Items from a data source –
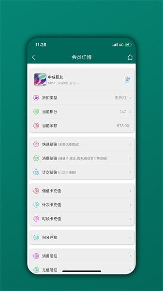 余额查询,余次查询,积分查询,消费查询,充值查询,领取优惠,查收通知,自助预约...
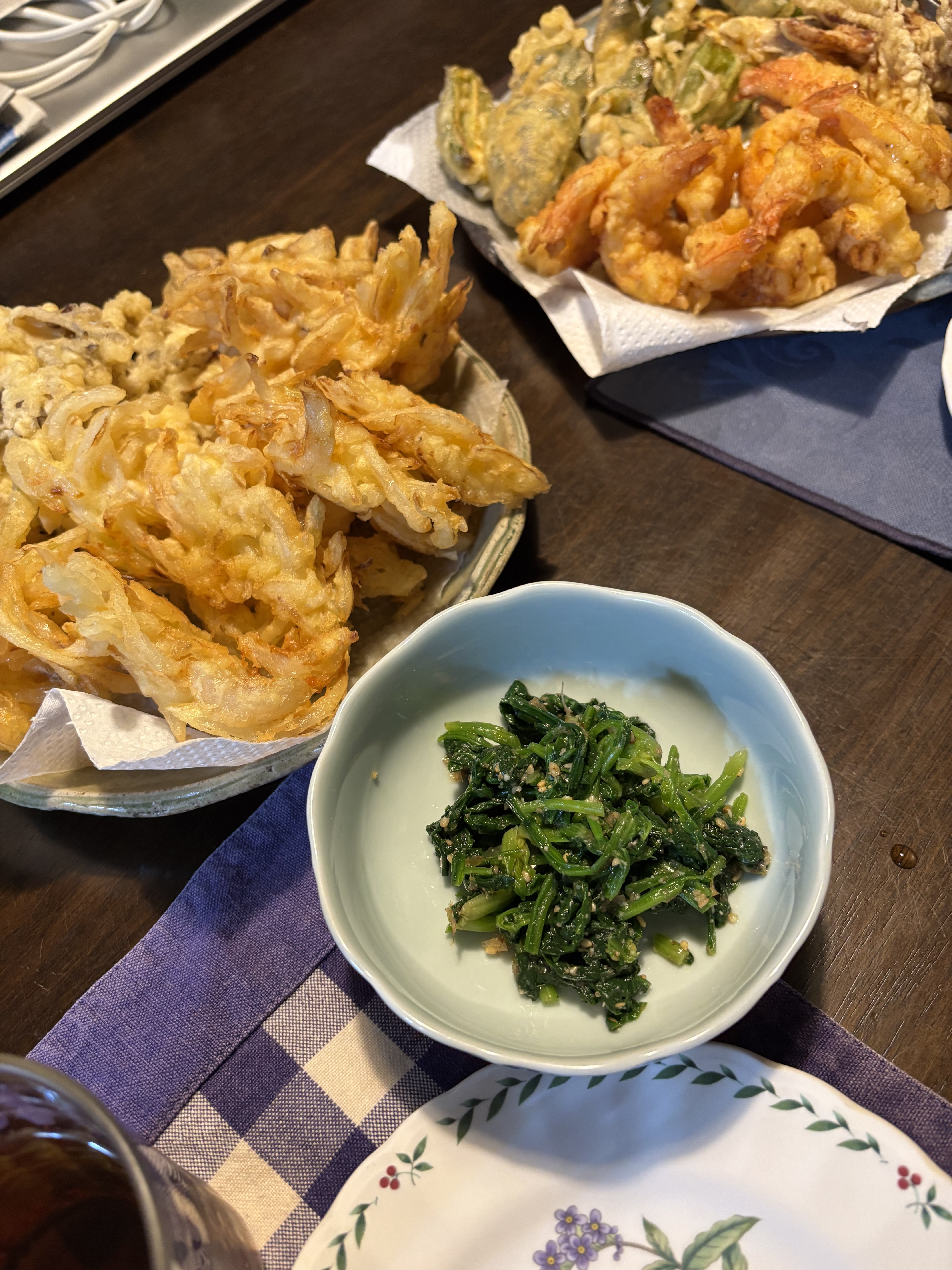 衣にマヨネーズを加えて、天ぷらを沢山作りました。カラッと揚がって嬉しい。具材を減らして使ってもいつも多い出来上がり😛
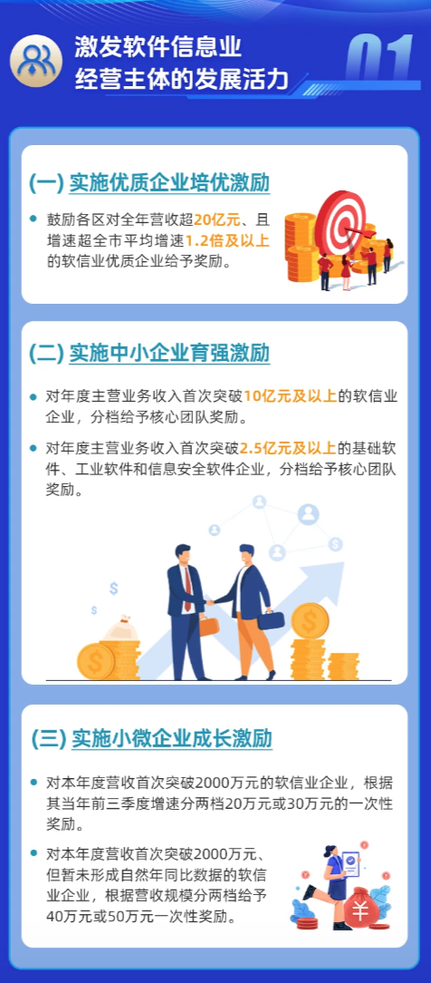 裘薇说,上海软信业企业数量超1.6万家,其中规上企业数量超3200家。《若干措施》围绕企业不同发展阶段,建立梯度式企业奖补机制,有3项具体举措:对优质企业,鼓励各区对区域内全年营收超20亿元且增速超全市平均增速1.2倍的软信业企业给予奖励;对中小企业,按营收规模分档给予企业一次性奖励,奖励标准从500万元到3000万元不等;对小微企业,按增长速度分档给予一次性奖励,奖励标准从30万元到50万元不等。
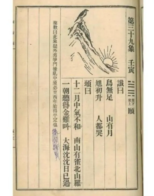 3、第39象,图中山巅站立一只鸟,山后旭日初升。
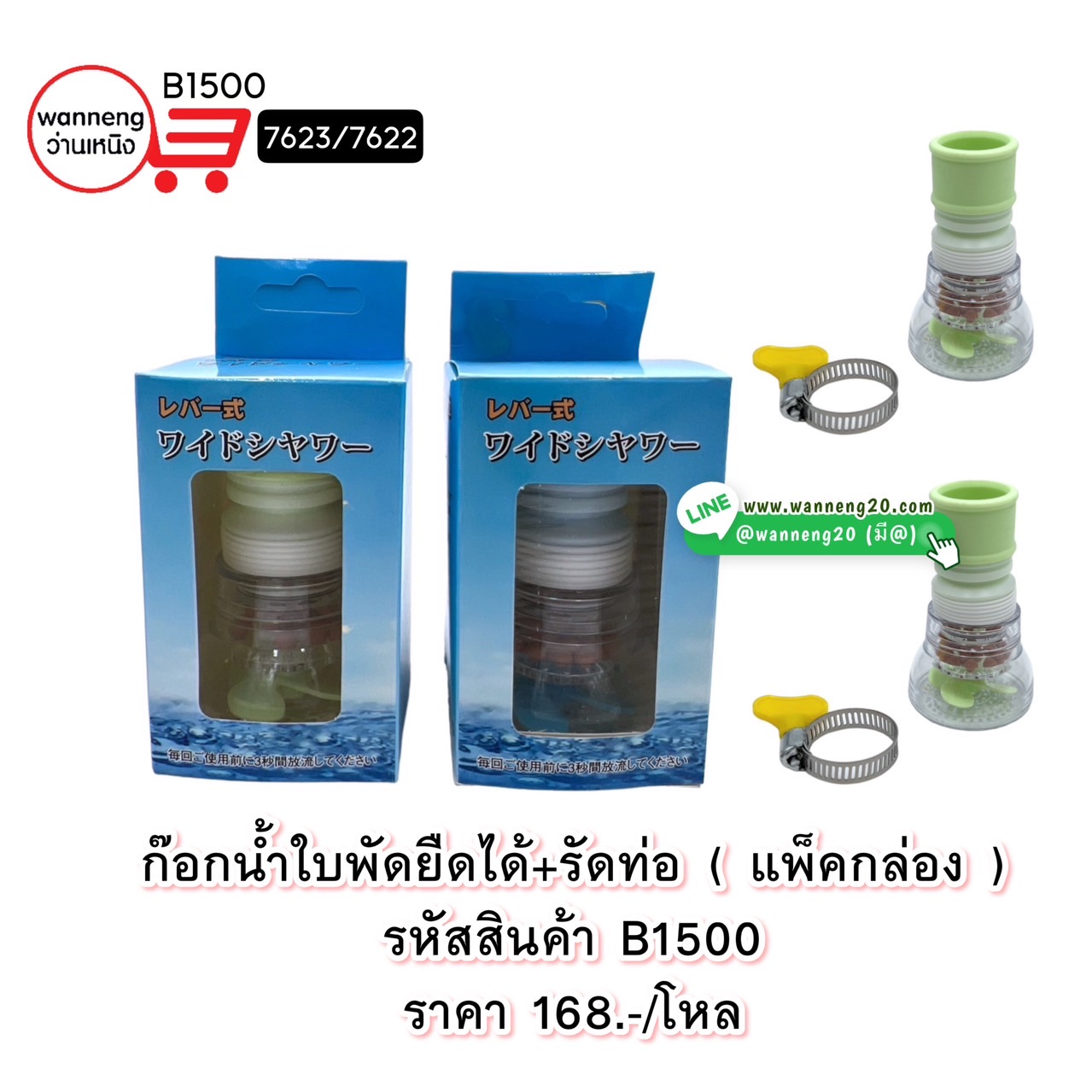 B1500 ก๊อกน้ำใบพัดยืดได้+รัดท่อ (แพ็คกล่อง) 1 โหล

Your assignment – Leave out the pictures, and retype exactly the lines from the one containing "3、第39象,图中山巅站立一只鸟,山后旭日初升。" through the final line of the data.

Solution –
 3、第39象,图中山巅站立一只鸟,山后旭日初升。
 B1500 ก๊อกน้ำใบพัดยืดได้+รัดท่อ (แพ็คกล่อง) 1 โหล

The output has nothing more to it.